▶ _What to produce_: Go through the listing and set it down exactly, leaving out its pictures.

▶ _Data section_:

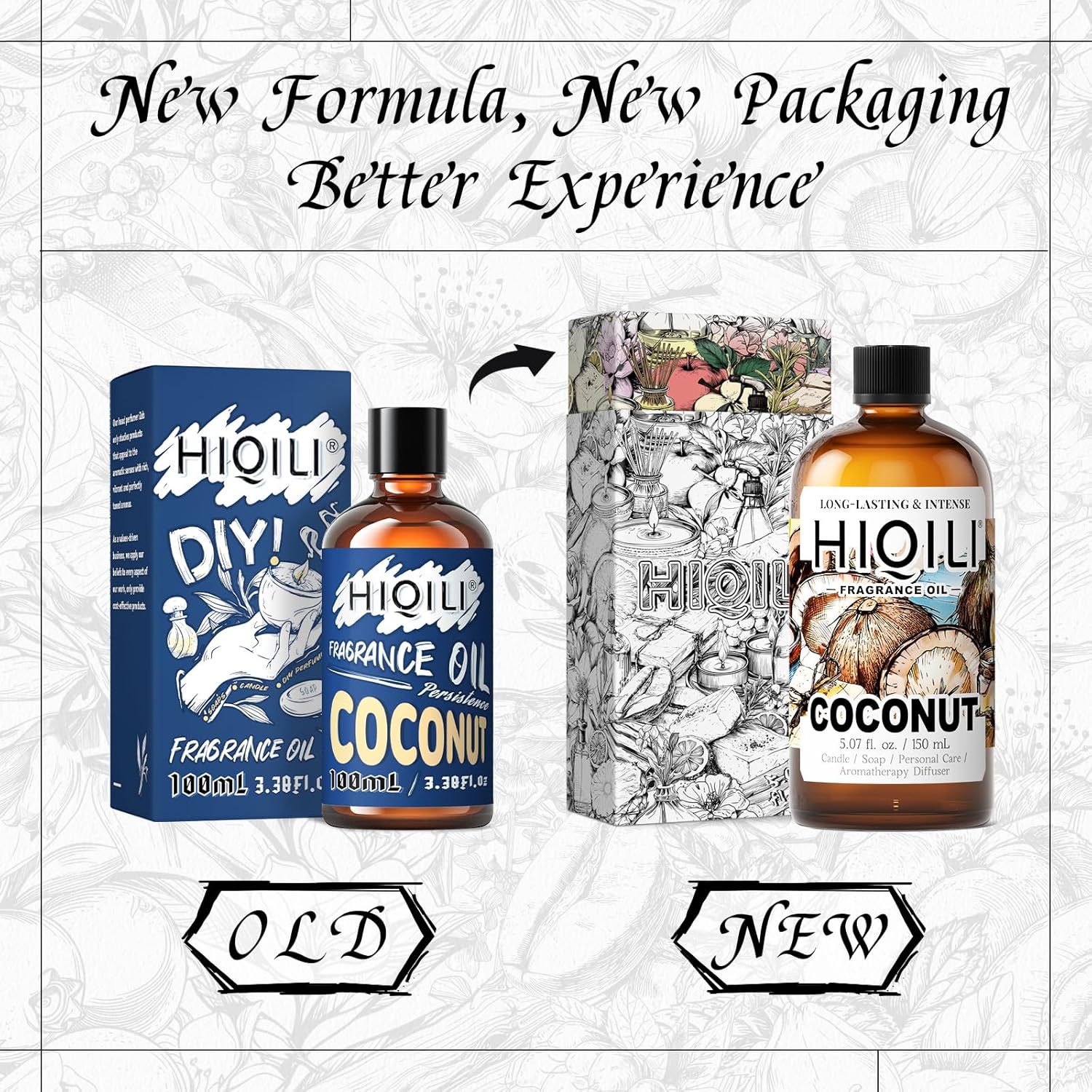 HIQILI Coconut Fragrance Oil for Home Diffuser, Ideal for Making Candle, Soap, Body Spray, Women's Perfume, Creamy Scents - 5.07 Fl Oz
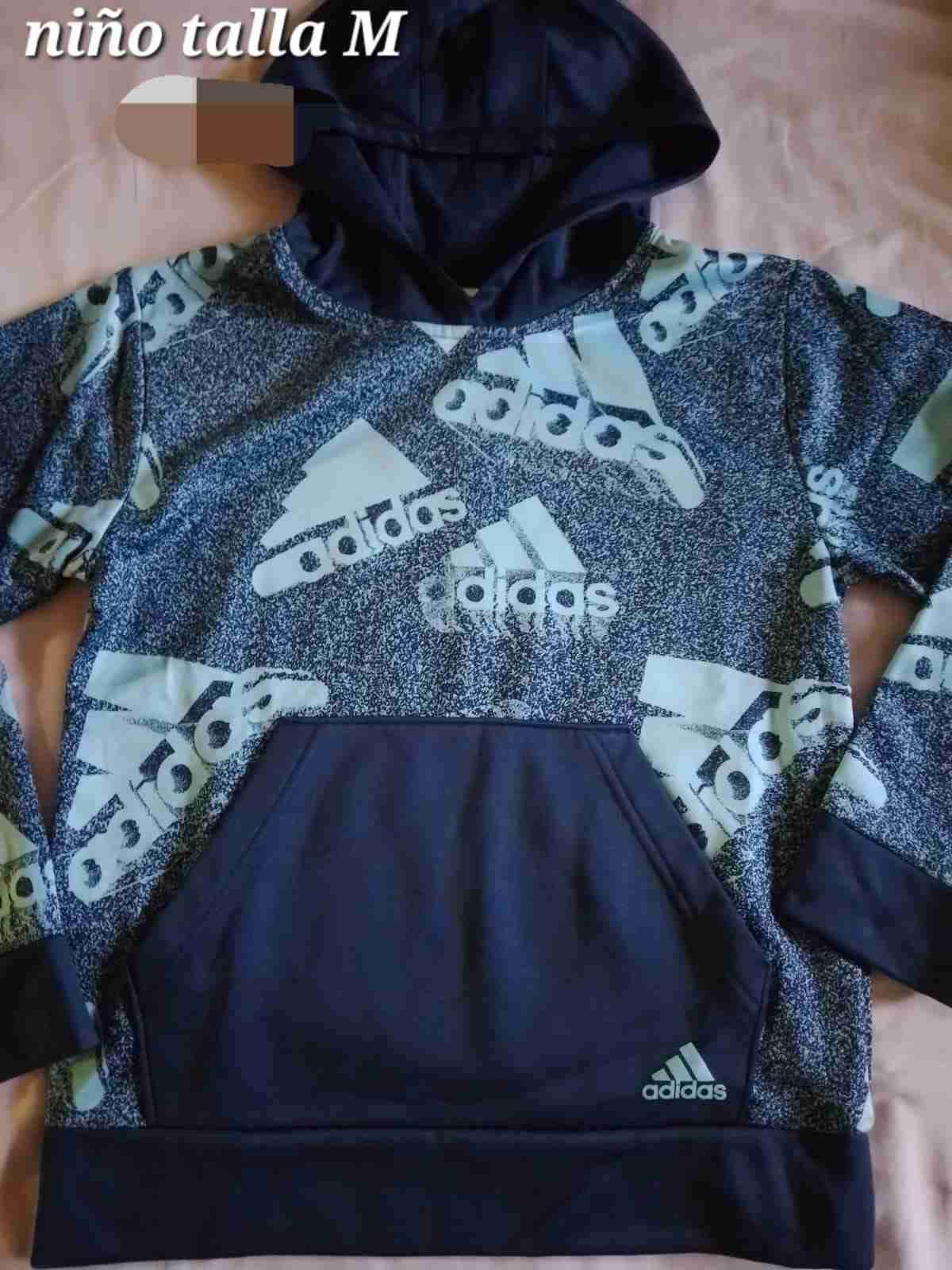 Polerón Adidas para niño, talla M. Perfecto para días fríos, en buen estado, con estilo deportivo.
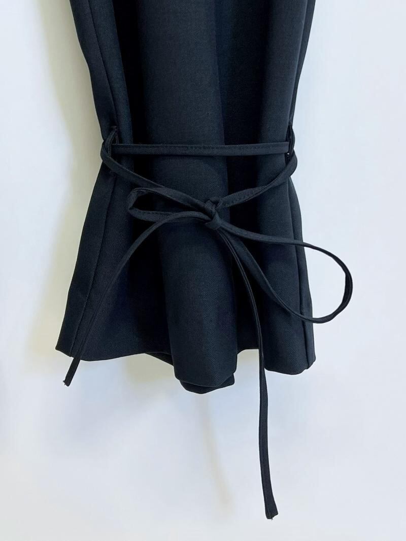 裾の共ヒモのアレンジで裾しぼりのパンツディテールにもなり、デザイン変化が楽しめます。
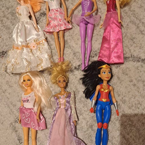 Kolme nukkea ja hevonen. Kunto ihan hyvä. Tukat voi olla hiukan takussa ja keijun siivet ovat taittuneet useammasta kohdasta.

▶ _Response area_:
 HIQILI Coconut Fragrance Oil for Home Diffuser, Ideal for Making Candle, Soap, Body Spray, Women's Perfume, Creamy Scents - 5.07 Fl Oz
 Polerón Adidas para niño, talla M. Perfecto para días fríos, en buen estado, con estilo deportivo.
 裾の共ヒモのアレンジで裾しぼりのパンツディテールにもなり、デザイン変化が楽しめます。
 Kolme nukkea ja hevonen. Kunto ihan hyvä. Tukat voi olla hiukan takussa ja keijun siivet ovat taittuneet useammasta kohdasta.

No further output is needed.